Münafığın kendini yüceltmek ve kendince Müslümanlardan daha üstün olduğunu vurgulamak için kesintisiz olarak uyguladığı eylemlerden biri de ‘ukalalık ve bilmişlik yapmak’ tır. Kendisini küfre beğendirebilmek için sürekli olarak bilgisini ve kültürünü artıran münafık, bu birikimini Müslümanlar arasında da bir sükse ve büyüklük unsuru olarak kullanmak ister. Oysaki Müslümanlar için ‘kimin daha bilgili olduğu değil; kimin daha dindar, kimin Allah’ı daha çok seven ve Kuran ahlakını daha titiz uygulayan olduğu’ önemlidir. Fakat büyüklük hırsı içindeki münafığın şuuru bu gerçeğe karşı kapalıdır. Müslümanlar arasında da, kendince onlara ‘ne kadar çok bilgiçlik taslarsa ve ne kadar çok bilgice onların üstüne çıkarsa, kendini o kadar üstün konuma getirebileceğini’ sanır.

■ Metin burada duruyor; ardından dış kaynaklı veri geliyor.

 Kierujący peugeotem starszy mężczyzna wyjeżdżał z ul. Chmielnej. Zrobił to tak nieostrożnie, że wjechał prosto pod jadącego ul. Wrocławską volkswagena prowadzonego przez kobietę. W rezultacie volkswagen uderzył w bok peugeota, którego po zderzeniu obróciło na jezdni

Münafık bu ahlak bozukluğunu, özellikle de Peygamberlere, elçilere ya da Müslümanların manevi liderliğini üstlenmiş olan insanlara karşı uygular.Çünkü bu kimseler ‘Müslümanların değer verdikleri, manevi bir önder olarak gördükleri, akıllarına, imanlarına, vicdanlarına en çok güvendikleri’insanlardır. İşte münafık da, bu kimseleri kendince Müslümanlara ‘güçsüz ve bilgisiz göstermeye çalışarak’, onların bu kişilere olan saygı, güven ve bağlılıklarını kırmak ister. Oysaki Allah Peygamberlerini, elçilerini ve veli kullarını bilgi ve hikmet yönünden güçlendirmiş; onlara Kendi Katından ‘özel bir akıl ve anlayış’ vermiştir. Dolayısıyla da münafık ne kadar çabalarsa çabalasın, Allah’ın elçileri aleyhinde yürüttüğü faaliyetlerinde başarılı olması asla mümkün değildir. Ama münafık Allah’ın bu adetullahından gafil haldedir. Bu nedenle de elinden geldiğince aleyhteki bu çabalarını sürdürür.

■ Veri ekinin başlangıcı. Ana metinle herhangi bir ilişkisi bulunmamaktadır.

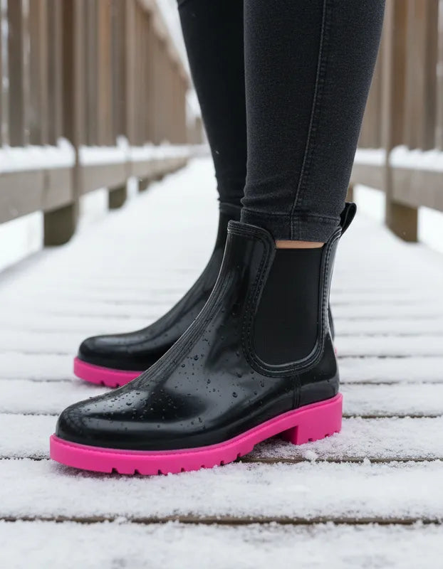 Este botín tipo Chelsea es una opción moderna y funcional para los días lluviosos. Fabricado en caucho de alta calidad, su diseño combina un acabado brillante en color negro con una suela gruesa en tono fucsia vibrante, aportando un toque de contraste y estilo único. Cuenta con paneles laterales elásticos que facilitan el calce y brindan comodidad, además de un tirador trasero para mayor practicidad. La suela con relieve antideslizante proporciona estabilidad en superficies húmedas, convirtiéndolo en una alternativa ideal para mantener los pies secos sin sacrificar el estilo.

Münafık genellikle Müslümanlardan uzak durmayı ve yalnız kalmayı tercih eder. Onların sohbet ve dostluk ortamlarına ise hiçbir zaman katılmak istemez. Ama bir yandan da, bir şekilde ‘bilgisini onlara gösterip, onlara karşı büyüklük taslamak, onlardan üstün olduğunu vurgulamak’ ister. Bu amaçla yanlarına gittiğinde de mutlaka hemen her cümlesinde bir ‘ukalalık ve bilmişlik’ yapar ve onlara ‘bilgiçlik taslamaya’ çalışır.
Dikkat çekici olan ise, bildikleri konuların neredeyse tamamının son derece gereksiz detaylardan oluşmasıdır. Sadece bunları bildiği için insanlardan daha üstün konuma geleceğini sanması ise, işte münafığın ‘ne kadar akılsız olduğunu’ açıkça ortaya koyar.